Ryesha Jackson, who’s pursuing a bachelor’s degree in health and kinesiology, chided the administration for what she sees as a lack of oversight.

“The fact that you don’t know if there’s an issue in Lafayette, and you don’t know if there’s an issue on campus, until today – until we made it an issue – that makes that very, incredibly unsafe for us,” she says.

But then Purdue Vice Provost for Diversity Christine Taylor stepped out of the crowd that had assembled inside and outside of the president’s office.

“In my role, I don’t want you to think that we are numb to it – I personally can’t be numb to it – I have nephews, I have brothers, I have great-nephews and I have all of you," Taylor said. "We’re not numb to this issue and are beginning to work on this. I applaud you for getting involved in the conversation, because we began this at the very beginning of the semester because, not knowing how it was going to go, but recognizing it was a justice issue that wasn’t just about [Michael Brown], but it was a justice issue about everybody in the United States.”

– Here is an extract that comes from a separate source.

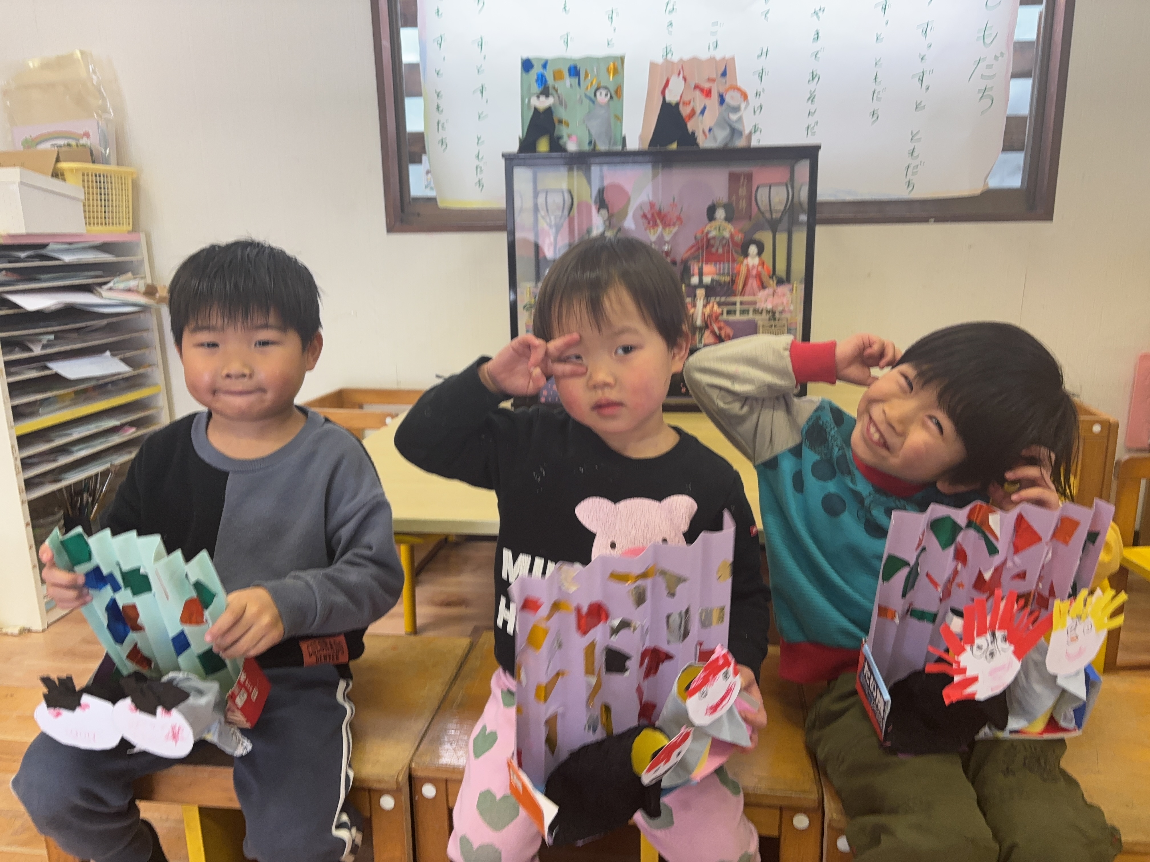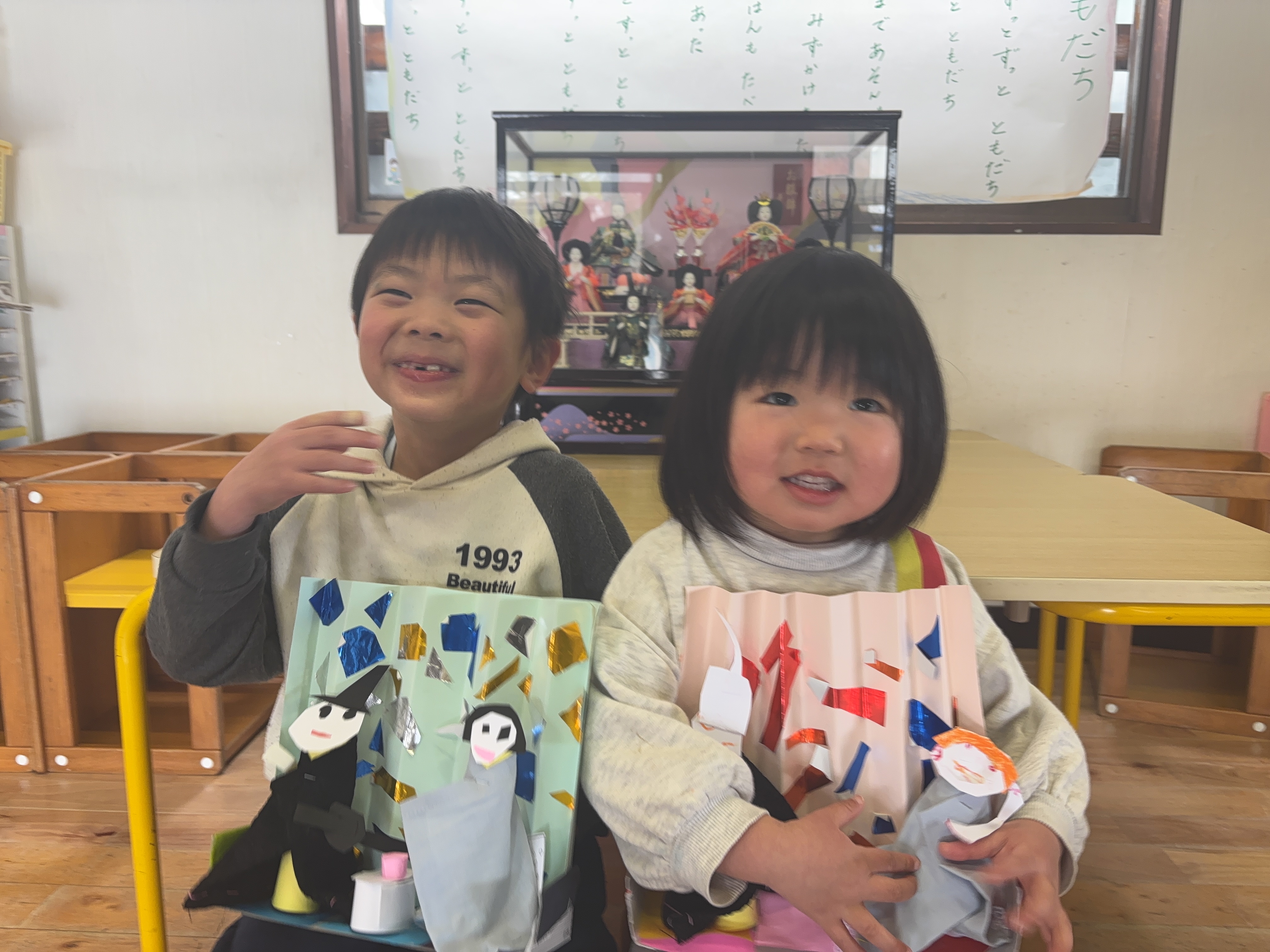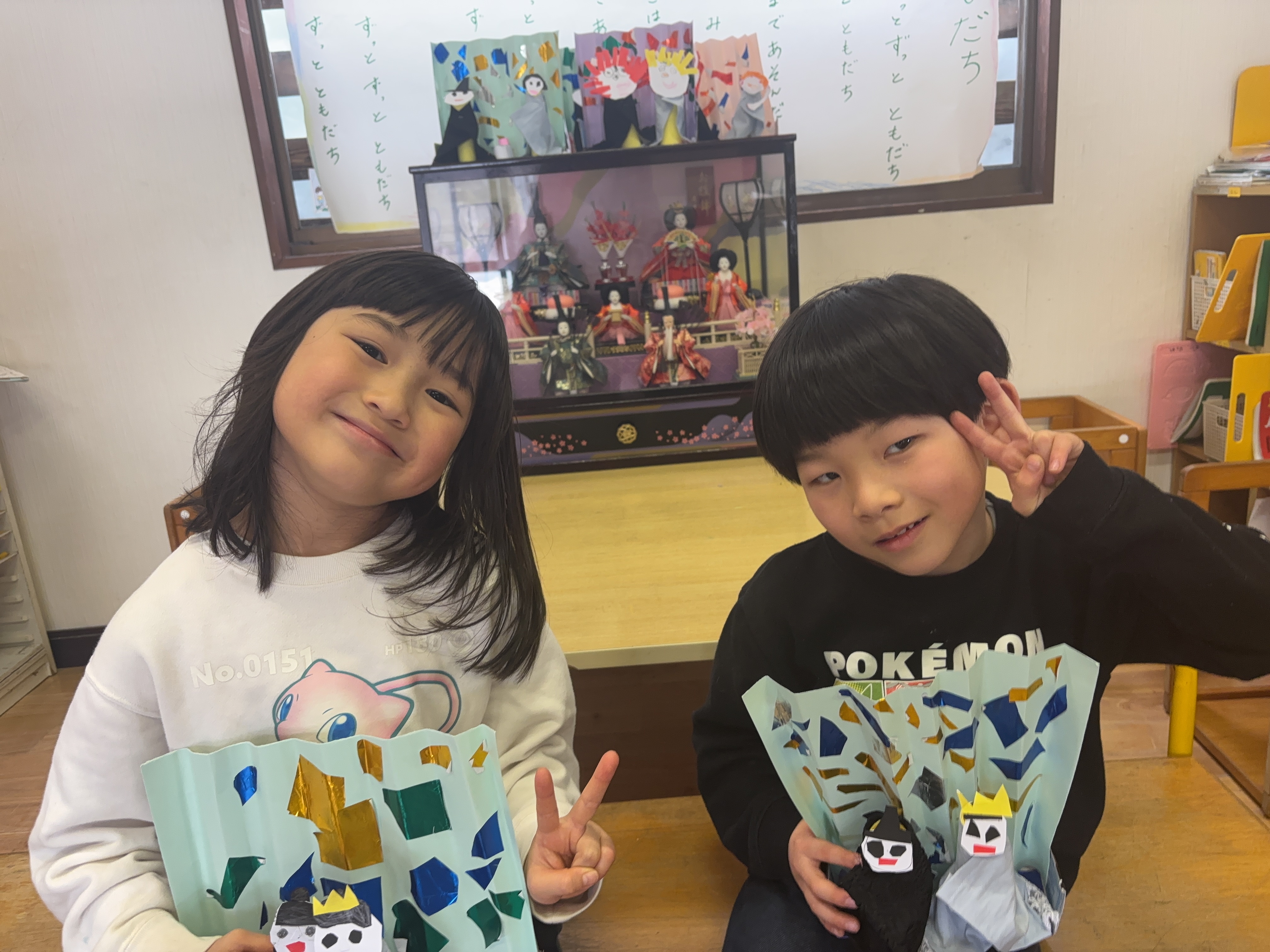 自分だけの特別なおひなさまの完成に、目をキラキラさせる子どもたちでした😊
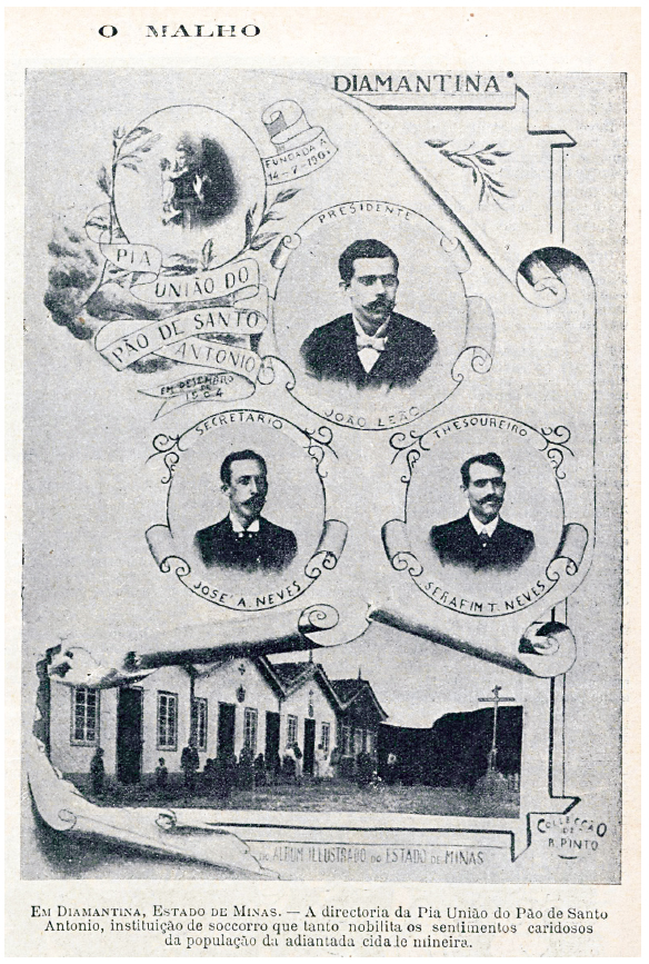 Se por um lado não existem evidências concretas da publicação do álbum proposto por Raymundo Pinto, por outro foi possível verificar indícios da produção de imagens fotográficas para esse fim. Nesta pesquisa, por exemplo, foi possível identificar imagens feitas para inclusão nos álbuns de Minas e de Diamantina, e que foram posteriormente publicadas na revista O Malho, em 1907. Uma dessas imagens é uma montagem fotográfica dos integrantes da “Diretoria da Pia União do Pão de Santo Antônio”,64 com um trecho dos prédios da respectiva instituição (Figura 1). As montagens visavam a criar registros sobre as corporações, transmitindo algumas informações sobre elas, com destaque para seus dirigentes. No caso da imagem da Pia União, os textos nos informam sobre a fundação da instituição, a data de realização da montagem, nomeia os dirigentes, identifica a cidade (Diamantina) e destaca, na base do conjunto, que ela fazia parte do Álbum Ilustrado do Estado de Minas. As informações textuais que contextualizam a imagem apontam, portanto, para uma possível inserção no álbum, conforme a Figura 1.

As the conversation progressed, the protestors began to give ever more detailed examples of the racism they feel isn’t addressed. The group’s leader, Anthony Ramos, says it’s not uncommon to have epithets – or worse -- flung from passing vehicles.

“It is known that you have to prep your friends to get used to being screamed at from cars, to get used to get thrown at you. I had a banana thrown at me once," Ramos says. "I don’t know how many times I’ve been cursed at. That’s just from the car; that’s what they do when they’re driving by in the car.”

“Those situations, whether they be in West Lafayette or anywhere in this country, are definitely intolerable,” West Lafayette Mayor John Dennis says. He says the city convenes a Human Relations Commission to deal with issues of discrimination of any sort. But he says it’s not a group that fields many complaints.

“To be completely honest, we really haven’t had that high volume of complaints. We’ve had in my tenure here, and I’m about ready to start my eighth year, we’ve only had about a handful of complaints.”

At more than one moment during Monday’s conversation in the president’s office, it felt like the simmering feelings might boil over. But Vice Provost Taylor worked to align herself with the protestors – themselves a multi-racial mixture of members of the community – and to show them she wasn’t immune to the same sorts of behaviors.

“I’m a member of this community as well. I have felt those things. Let’s don’t get it twisted," Taylor said. "Just because I work in Hovde [Hall], that means nothing. Because in Lafayette and West Lafayette, I’m black.”

Purdue President Mitch Daniels was on campus, but not in his office when the protestors arrived. Griffith and Taylor did promise to bring the marchers’ complaints to him.